I tried a bunch of things in our code generation, that didn't amount to anything, also:

We indeed have branches for these two versions, but currently no documentation on how to set them up.
I'll have some time in a month to look into it some more.

view this post on Zulip Wolfgang Meier (Sep 24 2024 at 20:40):

We spent a bit of time optimizing our compiler, here is a bar plot comparing Wasmtime against Node.js.

Was hoping for some more ideas, on what we could try?
(figured a bar plot would be more helpful than the table with raw data)

wasmtime_nodejs.png

view this post on Zulip Chris Fallin (Sep 24 2024 at 20:50):

What is the y-axis unit (there is no label)?

view this post on Zulip Chris Fallin (Sep 24 2024 at 20:51):

And what is the distinction between wasmtime and wasmtime-compile? Are you doing separate AOT compilation in the former? (Why isn't the non-hatched part of the bar exactly equivalent between the two in that case?)

view this post on Zulip Chris Fallin (Sep 24 2024 at 20:52):

as far as "why is it slow to compile", this question is fairly impossible to answer without more detail -- have you tried profiling, and observing where the time is going within Wasmtime? If Cranelift, where in Cranelift?

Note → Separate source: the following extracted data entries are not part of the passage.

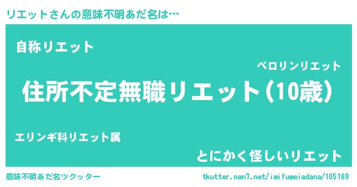 | ヒーロー風カッコイイあだ名 | 『仮面リエダー』『究極戦士リエット』 |
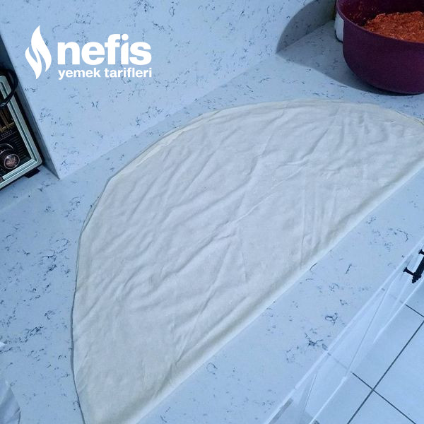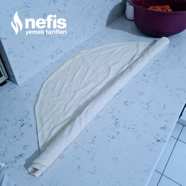 6. Yufkayı düz bir tabanda açın ikiye katlayın.
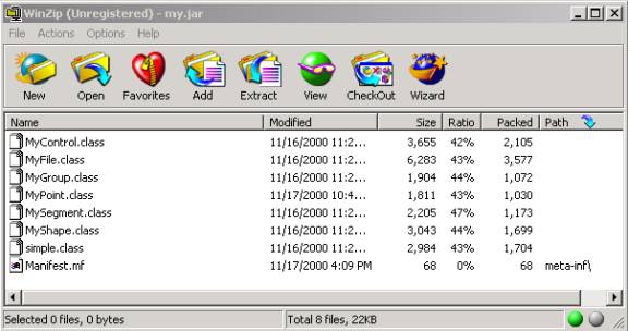 [For more on the jar command visit the official java site at http://java.sun.com/products/jdk/1.1/docs/guide/jar/]
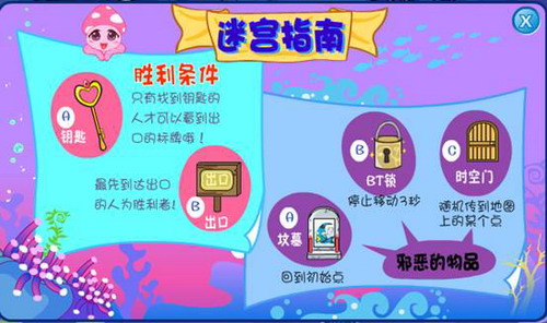 迷宫游戏位于海底世界深海裂缝场景,为多人联机游戏,进入游戏中,必须要在漆黑的游戏场景内快速的找到钥匙到达终点,途中还会制造各种障碍,有的会被随机传送到游戏地图中的另外一个点,有的会被停止移动三秒钟,有的还会将你传送到游戏中的初始点,所以要尽量的避开障碍哟!

view this post on Zulip fitzgen (he/him) (Sep 24 2024 at 21:01):

Wasmtime is unfortunately still much slower than Node.js

are you still measuring all of process creation, wasm compilation, and wasm instantiation?

in general, no one has put in work to optimize how long it takes a wasmtime process to start up because no using wasmtime in production has needed that yet. doesn't mean we wouldn't appreciate PRs improving the current state of things, just that no one has really looked at it or has any need to improve it.

fwiw, wasmtime's happy path for low latency start up, which has been optimized a ton because it is what production users actually do, is roughly the following:

we also have benchmarks in the repo that you can run via cargo bench --bench instantiate. these benchmarks roughly reflect this shape of workload. last time I ran them on my laptop, I was seeing ~5 microseconds per instantiation, regardless of the size of the wasm binary

on the other hand, if you want to reduce compile time, I'd suggest looking into using Winch (e.g. -C compiler=winch in the CLI). it is a single-pass "baseline" compiler comparable to V8's Liftoff tier. (as mentioned before, if you are comparing node and wasmtime in compile-and-instantiate, then you are comparing apples and oranges unless you switch wasmtime to using Winch or force node to skip Liftoff and go straight to its optimizing tier, somehow)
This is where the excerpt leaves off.